Grundlagenbescheide i.S. des § 175 Abs. 1 Satz 1 Nr. 1 AO sind Feststellungsbescheide, Steuermessbescheide und sonstige für eine Steuerfestsetzung bindende Verwaltungsakte (§ 171 Abs. 10 Satz 1 AO). Auch Verwaltungsakte von Behörden, die keine Finanzbehörden sind, können Grundlagenbescheide sein.

Wirksame Grundlagenbescheide sind im Umfang der in ihnen getroffenen – positiven wie negativen Feststellungen – für die Folgebescheide bindend (§ 182 Abs. 1 AO). Wirksam ist der Grundlagenbescheid, wenn er ordnungsgemäß adressiert und bekannt gegeben wurde und wenn er nicht nichtig ist (BFH-Urteil vom 16.3.1993, XI R 42/90, BFH/NV 1994 S. 75m.w.N.). Ob dies der Fall ist, kann im Folgebescheidverfahren überprüft werden (BFH-Urteil vom 6.12.1995, I R 131/94, BFH/NV 1996 S. 592). Das Wohnsitzfinanzamt ist dazu jedoch nur bei akuten Zweifeln hinsichtlich der Wirksamkeit verpflichtet. Nicht erforderlich ist hingegen, dass der Grundlagenbescheid unanfechtbar ist (§ 182 Abs. 1 Satz 1 AO). Er ist auch dann bindend, wenn er unrichtig und damit rechtswidrig ist (u.a. BFH-Urteil vom 20.12.2000, I R 50/00, BStBl 2001 II S. 381, m.w.N.).

Die Bindungswirkung hat zur Folge, dass nicht durch den Folgebescheid geregelt werden darf, was durch Grundlagenbescheid geregelt ist und umkehrt. Es ist deshalb erforderlich, Folgebescheide in dem vom Gesetz gezogenen Rahmen an die Grundlagenbescheide anzupassen. Die Anpassung steht nicht im Ermessen des Wohnsitzfinanzamts.
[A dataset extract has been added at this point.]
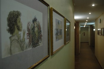 Мы на этот раз, например, открыли для себя отель «Арина Р.», на въезде в деревню Бугрово, который гордо называет себя литературным… Понятно, что в пушкинских местах такое наименование не режет слух, но накладывает на сотрудников дополнительные обязательства – как минимум, гость, входящий сюда, должен чувствовать влияние этой самой литературы. Администраторы, оформлявшие нас на проживание, конечно, стихами не говорили, но книгами были окружены достаточно, да и внимания нам уделили как надо. «У нас здесь за гостями ходят, как за детьми», - улыбается старший менеджер отеля Наталья Григорьева. В уютном фойе на входе на стеллажах разместилась библиотека, в которой и собрание произведений Александра Пушкина, и книги других известных поэтов и писателей. Что еще однозначно порадовало, так это рисунки и картины, которыми украшены стены в общих помещениях и номерах – художники Энгель На-сибулин и Игорь Шаймарданов известные в России пушкинисты, использующие в творчестве сюжеты из произведений поэта и сценки из деревенской жизни. Правда, можно было бы и в гостиничных номерах справить хотя бы небольшую библиотечку, чтобы постояльцы могли почитать на ночь, а не лежать, уставившись в телевизор. Хотя сами номера отвечают всем стандартам европейского отельного сервиса. Можно легко забыть, где находишься, особенно, если, сидя в номере, залезть в Интернет, который тут беспроводной, и пойти бродить по всему миру. А, выглянув в окно, с удивлением понять, что вокруг российские деревеньки и леса.
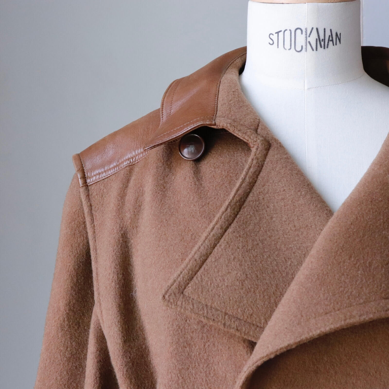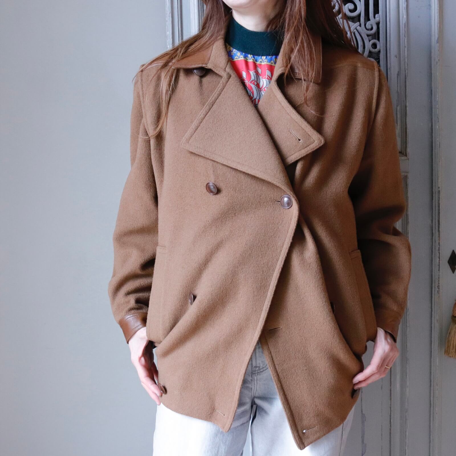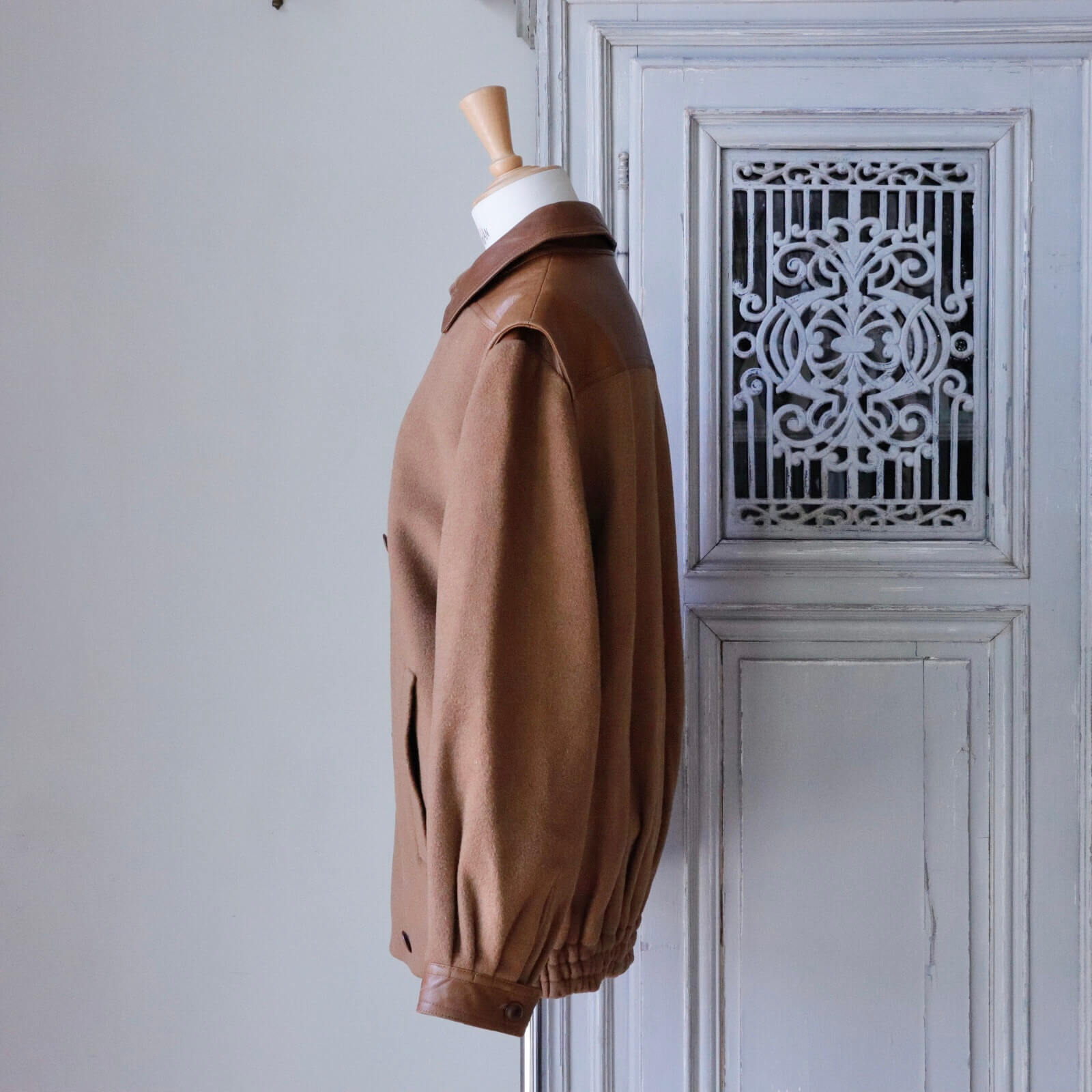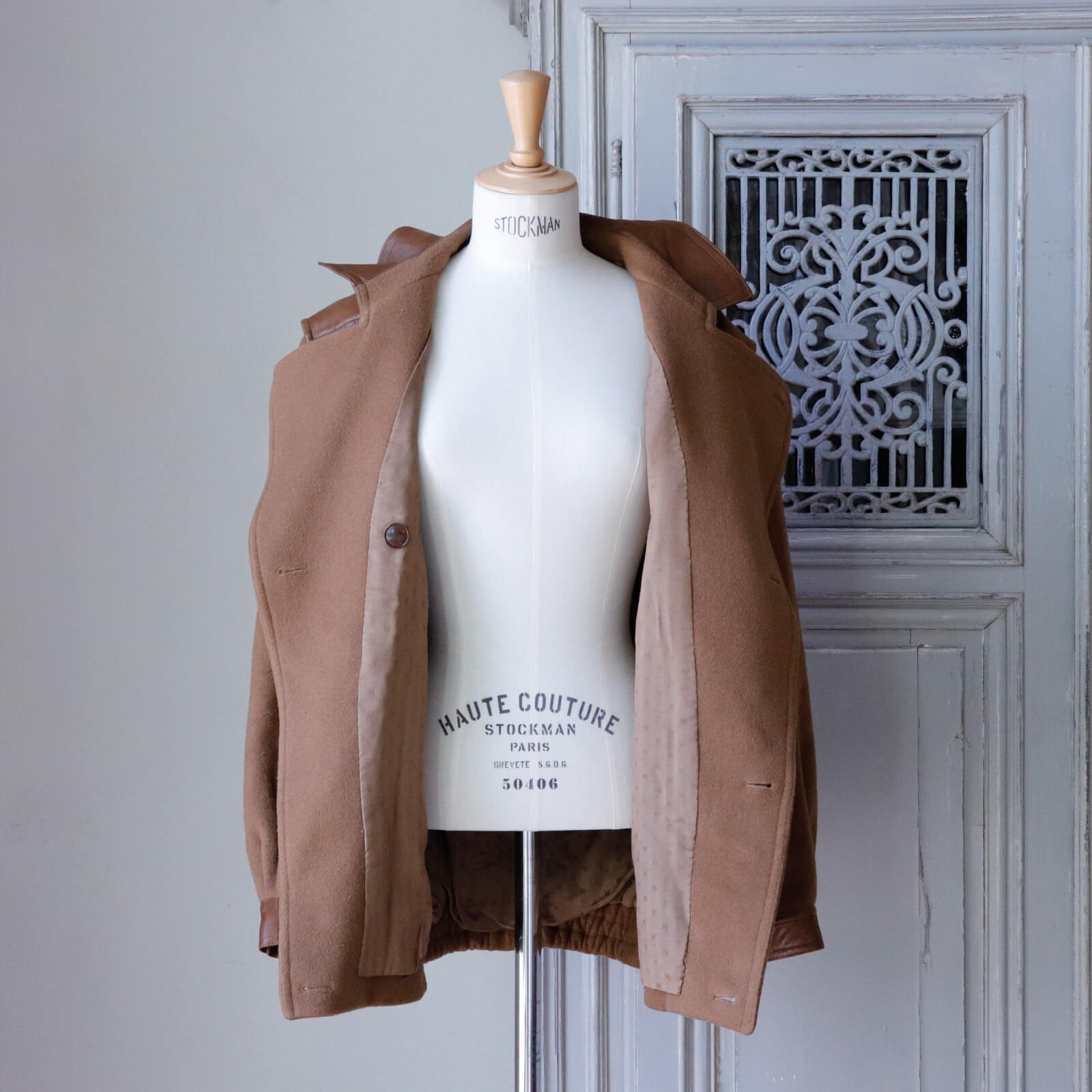 ヴィンテージ「エルメス」 ラムレザートリム ウール ドロップショルダー ジャケット

Soweit die Bindung reicht ist der Folgebescheid ohne neue sachliche Prüfung an die Feststellungen im Grundlagenbescheid anzupassen, indem es den Folgebescheid erlässt, aufhebt oder ändert; dabei sind ggf. entstehende Folgeauswirkungen zu berücksichtigen.

Beispiel

In einer gesonderten und einheitlichen Feststellung wird festgestellt, dass die Ehefrau als Mitunternehmerin und nicht als Arbeitnehmerin des Gewerbebetriebs des Ehemanns anzusehen ist. Sodann ist durch das Wohnsitzfinanzamt, neben der Erfassung ihres Gewinnanteils als gewerbliche Einkünfte, der bisherige Ansatz der Einkünfte aus nichtselbständiger Arbeit rückgängig zu machen.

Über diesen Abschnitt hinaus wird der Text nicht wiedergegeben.